Optimizing Multi-Step Processes with DoE – A Cryopreservation Protocol for Plant Cells as a Case
Johannes Buyel: Head of Department of Bioprocess Engineering, Aachen University

In all, this was a great summit. The presenters were spot on with the current state of DOE, whether in modern concepts or real-life experiments. The audience took away many useful ideas and practices. It was a classic case of making lemonade from lemons.

Thanks all!


Greg's DOE Adventure - Factorial Design, Part 2

posted by Greg on April 15, 2020

[Disclaimer: I’m not a statistician. Nor do I want you to think that I am. I am a marketing guy (with a few years of biochemistry lab experience) learning the basics of statistics, design of experiments (DOE) in particular. This series of blog posts is meant to be a light-hearted chronicle of my travels in the land of DOE, not be a text book for statistics. So please, take it as it is meant to be taken. Thanks!]

Keep your experiment planned, but random

When I wrote my introduction to factorial design (Greg’s DOE Adventure - Factorial Design, Part 1), there were a couple of points that I left out. I’ll amend that post here to talk about making sure your experiment is planned out yet random.

Wait. What?

You’ll see. Let me explain.

Getting organized

During the initial phase of an experiment, you should make sure that it is well planned out. First, think about the factors that affect the outcome of your experiment. You want to create a list that’s as all-encompassing as possible. Anything that may change the outcome, put on your list. Then pare it down into the ones that you know are going to be the biggest contributors.

Once you have done that, you can set the levels at which to run each factor. You want the low and high levels to be as far apart as possible. Not too low that you won’t see an effect (if your experiment is cooking something, don’t set the temperature so low that nothing happens). Not too high that it’s dangerous (as in cooking, you don’t want to burn your product).

Finally, you want to make sure your experiment is balanced when it comes to the factors in your experiment. Taking the cooking example above a little further, suppose you have three factors you are testing: time, temperature, and ingredient quality. Let’s also say that you are testing at two different levels: low and high (symbolized by minus and plus signs, respectively). We can write this out in a table:

Table-Factorial2-300.png

This table contains all the possible combinations of the three factors. It’s called an ‘orthogonal array’ because it’s balanced. Each column has the same number of pluses and minuses (4 in this case). This balance in the array allows all factors to be uncorrelated and independent from each other.

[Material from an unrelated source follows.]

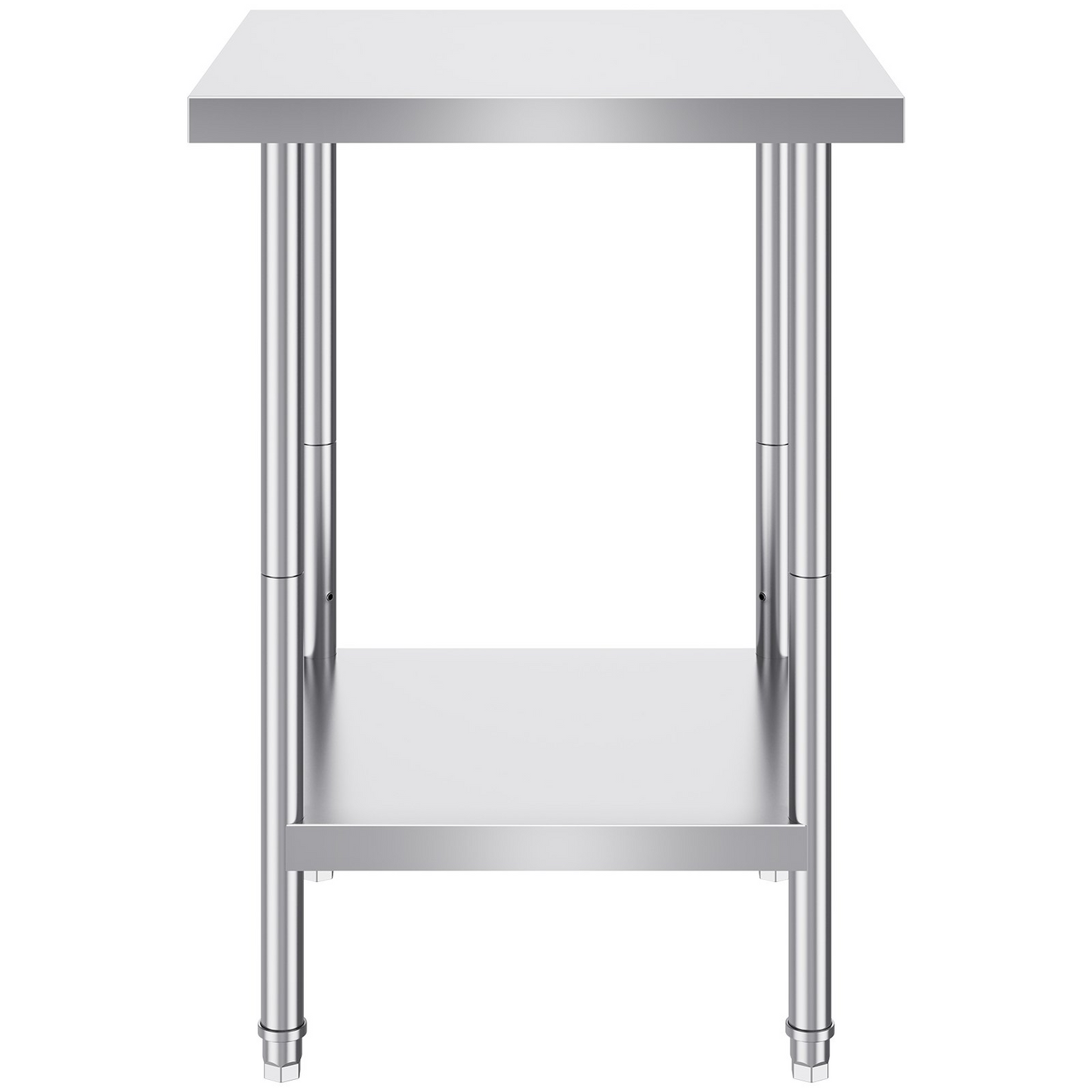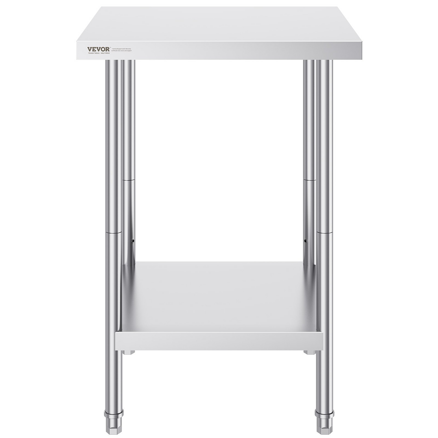 VEVOR Stainless Steel Prep Table, 24 x 24 x 34 Inch, Heavy Duty Metal Worktable with 3 Adjustable Height Levels, Commercial Workstation for Kitchen Garage Restaurant Backyard

With these steps, you have ensured that your experiment is well planned out and balanced when looking at your factors.

Always randomize

At the start of this post, I said that an experiment should be planned out, yet random. Well we have the planned-out part, now let’s get into the random part.

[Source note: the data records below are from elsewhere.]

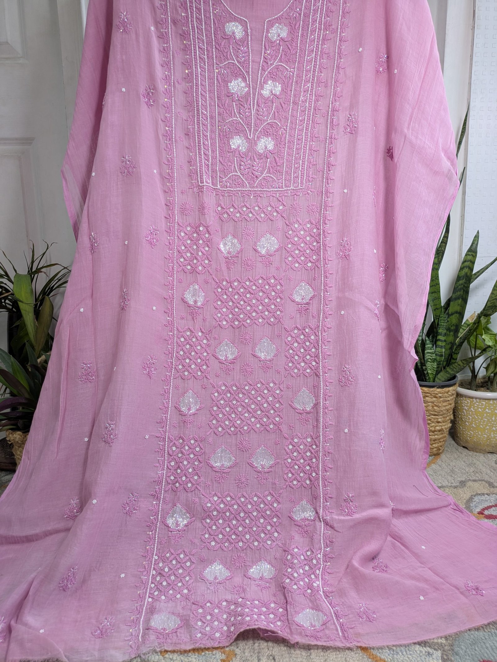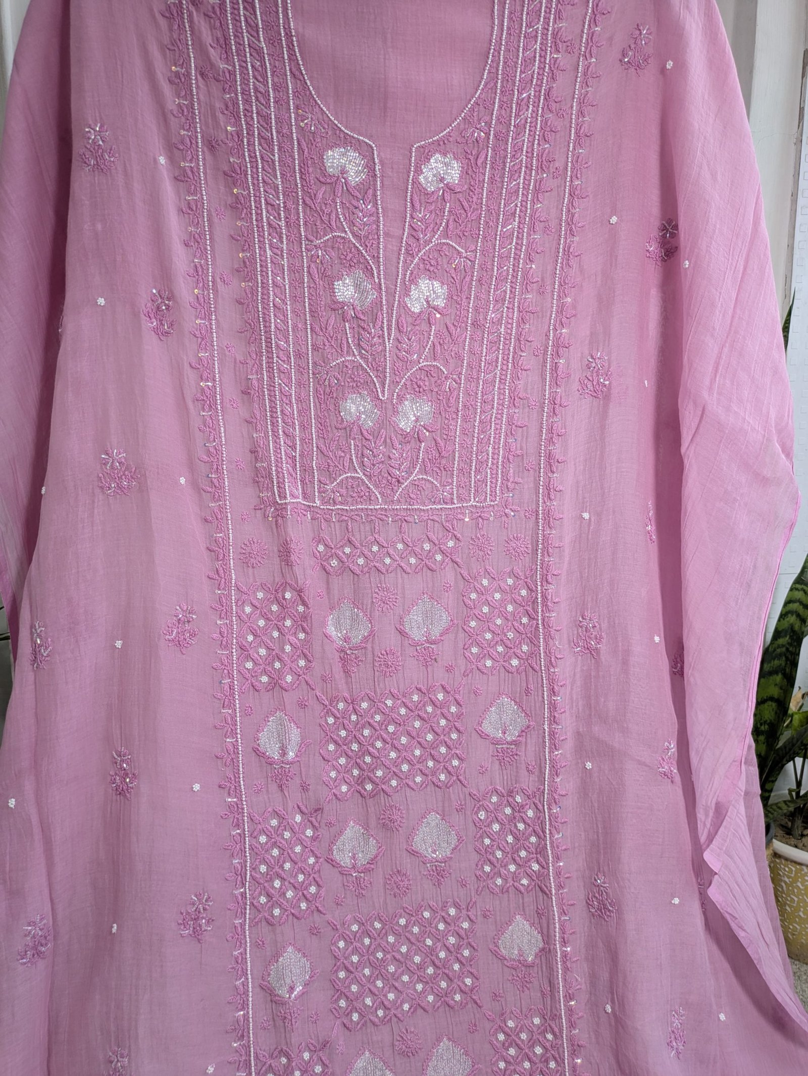 The kurta features intricate hand embellishments using pearls, cutdana, and sequins, delicately placed to create a graceful shimmer with every movement. Paired with coordinating straight pants and a soft mul cotton dupatta, this set is all about effortless elegance and handcrafted beauty.
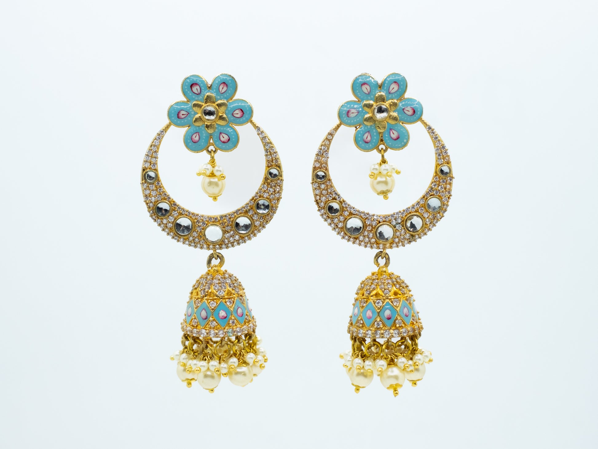 Zircon Studded Pearl Turquise Enamel Chandbali Jhumki Earrings.
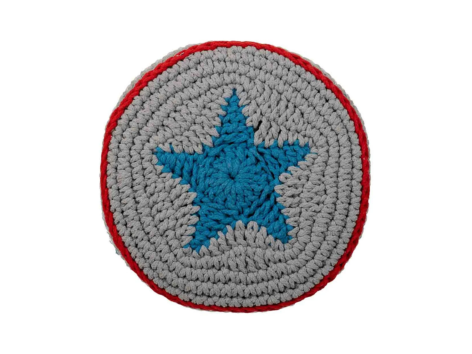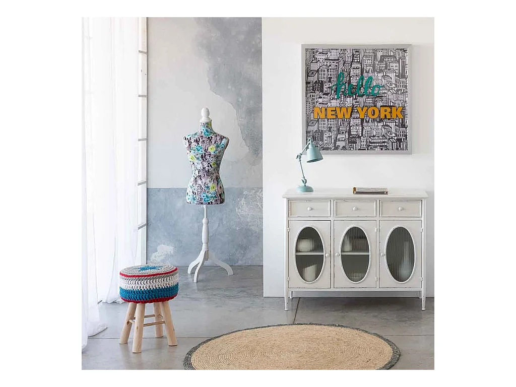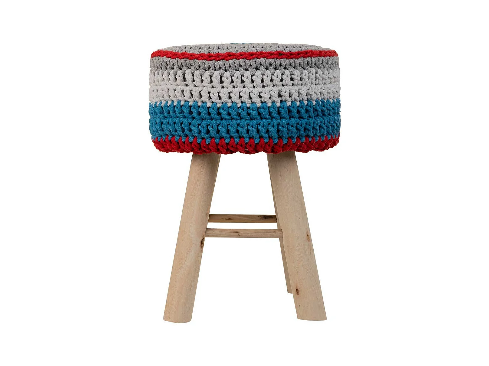 Blauer Hocker aus gewebter Baumwolle und Holz, 32x32x44h cm
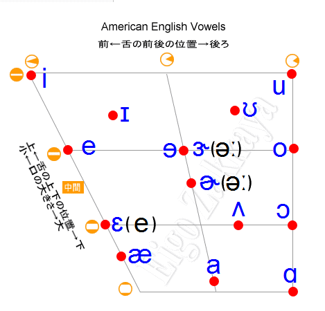 アメリカ英語の母音を口の大きさと舌の位置を軸にマッピングすると下図のようになります。
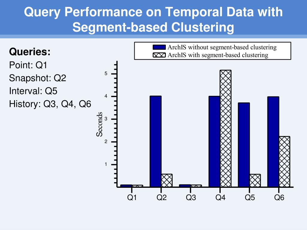 Query Performance on Temporal Data with Segment-based Clustering Queries: Point: Q1 Snapshot: Q2 Interval: Q5 History: Q3, Q4, Q6
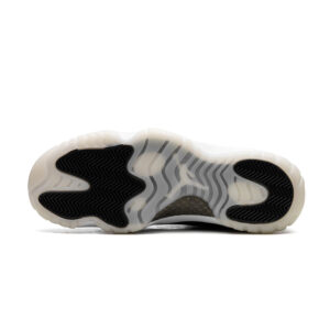 The Air Jordan 11 “Gratitude” is the modern re-release of the colorway of Michael Jordan’s eleventh signature shoe that originally released as part of the “Defining Moments Pack” from 2006. Also nicknamed the “DMP 2023” colorway, this Jordan 11 is based on the retro basketball sneaker’s original “Concord” colorway that was worn by Jordan with the Chicago Bulls throughout the team’s historic run during the 1995-96 NBA season. The upper features a white leather construction, instead of the original DMP colorway’s ballistic mesh build. A glossy black patent leather mudguard contrasts the shoe’s neutral base. Metallic Gold Jumpman branding is found on the collar while “Jumpman” detailing appears across the white mesh tongue. Underfoot, the white foam midsole and translucent rubber outsole complete the look. Release date:December 9, 2023

In any experimentation, influence from external sources (variables you are not studying) should be kept to a minimum. One way to do this is randomizing your runs.

As an example, let’s look at the table above with the cooking example. Let’s say that it represents the order of how the experiment was run. So, all the low temperature runs were made together and then all the high ones together. This makes sense, right? Perform all the runs at one temperature before adjusting up to the next setting.

The problem is, what if there is an issue with your oven that causes the temperature to fluctuate more, early in the experiment and less later. This time-related issue introduces variation (bias) into your results that you didn’t know about.

To reduce the influence of this variable, randomize your run order. It may take more time adjusting your oven for every run, but it will remove that unwanted variation.

Temperature is a popular example to illustrate randomization. But this can be said of any factor that may have time-related problems. It could be warm-up time on a machine or the physical tiring of an operator. Randomization is used to guard against bias as much as you can when running an experiment.

Conclusions

Hopefully, you see now why I said to keep your experiments planned but random. It sounds like an oxymoron, but it’s not. Not in the way I’m talking about it here!